The embodiments discussed herein are related to an antenna apparatus and a wireless communication apparatus.
There are demands for higher efficiency of antennas in wireless communication apparatuses such as vehicles equipped with car-mounted antennas, smartphones, tablet computers, and mobile phones.
For example, Japanese Laid-open Patent Publication No. 2016-165035 discloses a monopole antenna with a folded shape. With the monopole antenna, a conductor device preceding the fold and a conductor device after the fold are both provided on a same plane (at a same height from a ground pattern). In the monopole antenna, impedance adjustment of the antenna in a case of a downsized ground pattern is achieved by increasing a linewidth after being connected to the ground pattern and before being folded.

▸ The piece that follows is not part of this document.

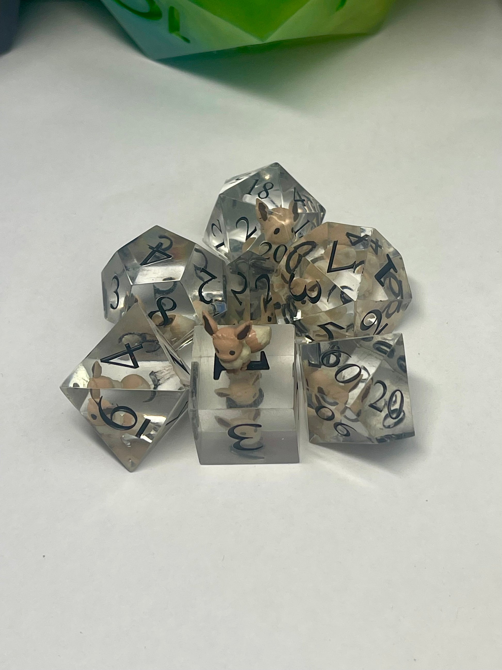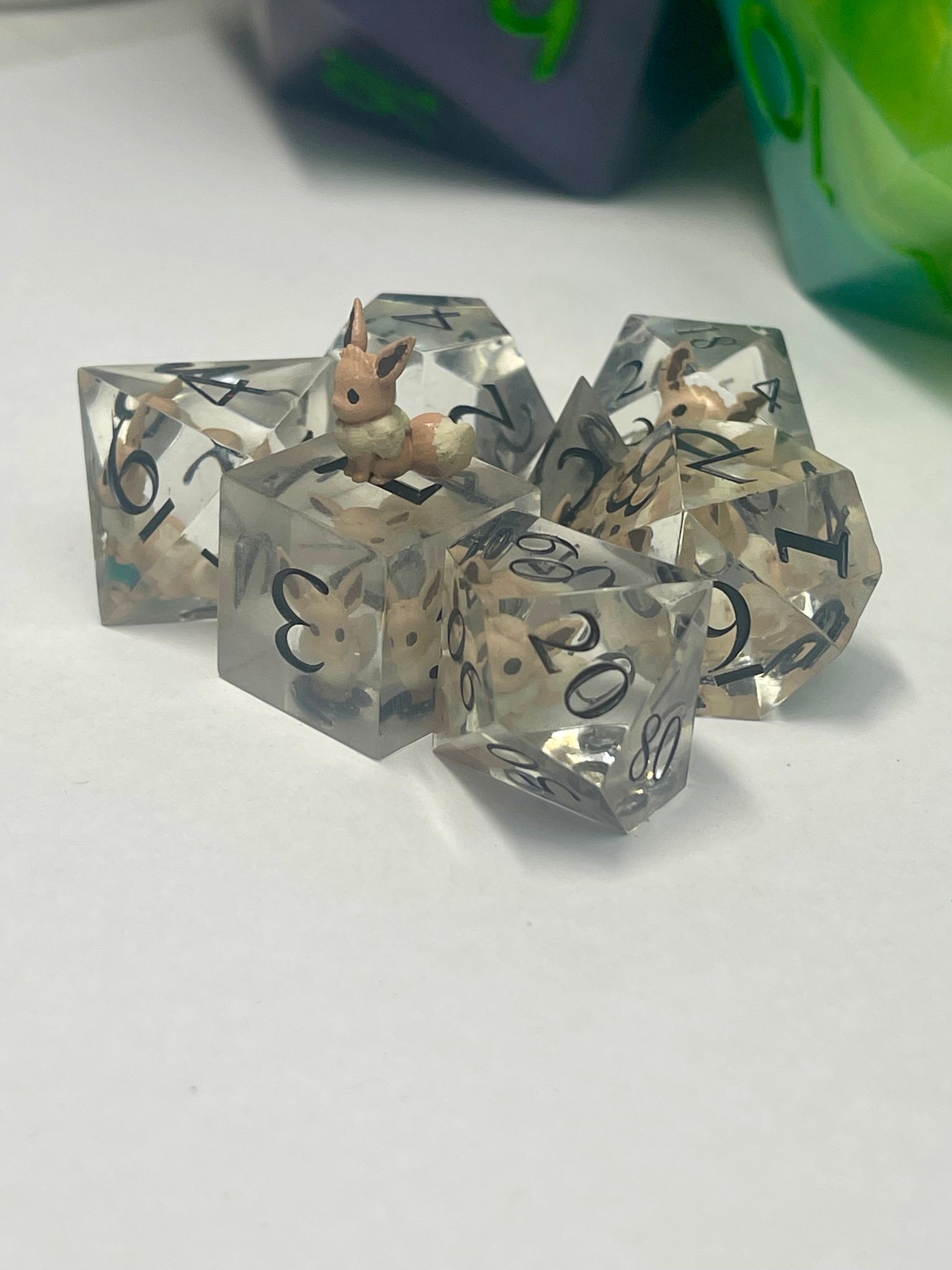 Eevee Dice Set | Handmade Resin Sharp Edge Dice | Pokémon D&D Dice | 7pc TTRPG Dice Gift
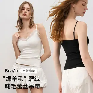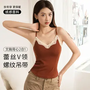 Outono e inverno doce estilo ins renda laço decote quadrado regata escovada feminina com sutiã embutido confortável versátil quente camisola

According to an aspect of the embodiments, an antenna apparatus includes: a ground substrate; a feeding point provided on the ground substrate; a first conductor device of which one end is electrically connected to the feeding point and which has a plate shape being parallel to the ground substrate; a second conductor device which is arranged between the first conductor device and the ground substrate, of which one end is electrically connected to the ground substrate, and which has a plate shape being parallel to the ground substrate; and a connecting portion which electrically connects another end of the first conductor device and another end of the second conductor device to each other, wherein a width of the first conductor device is wider than a width of the second conductor device.
The object and advantages of the invention will be realized and attained by means of the elements and combinations particularly pointed out in the claims. It is to be understood that both the foregoing general description and the following detailed description are exemplary and explanatory and are not restrictive of the invention.
With conventional antennas, there is a problem in that the presence of metal in a vicinity of an antenna reduces radiation efficiency of the antenna due to an effect of the metal.
An aspect of the embodiments relates to an antenna apparatus which suppresses a reduction in radiation efficiency of an antenna even when metal is present in a vicinity of the antenna and a wireless communication apparatus which is mounted with the antenna apparatus.
Hereinafter, an embodiment will be described. It is to be understood that configurations of the embodiment described below are illustrative and that the disclosed technique is not limited to the configurations of the embodiment. For example, an antenna apparatus according to the present embodiment is configured as described below.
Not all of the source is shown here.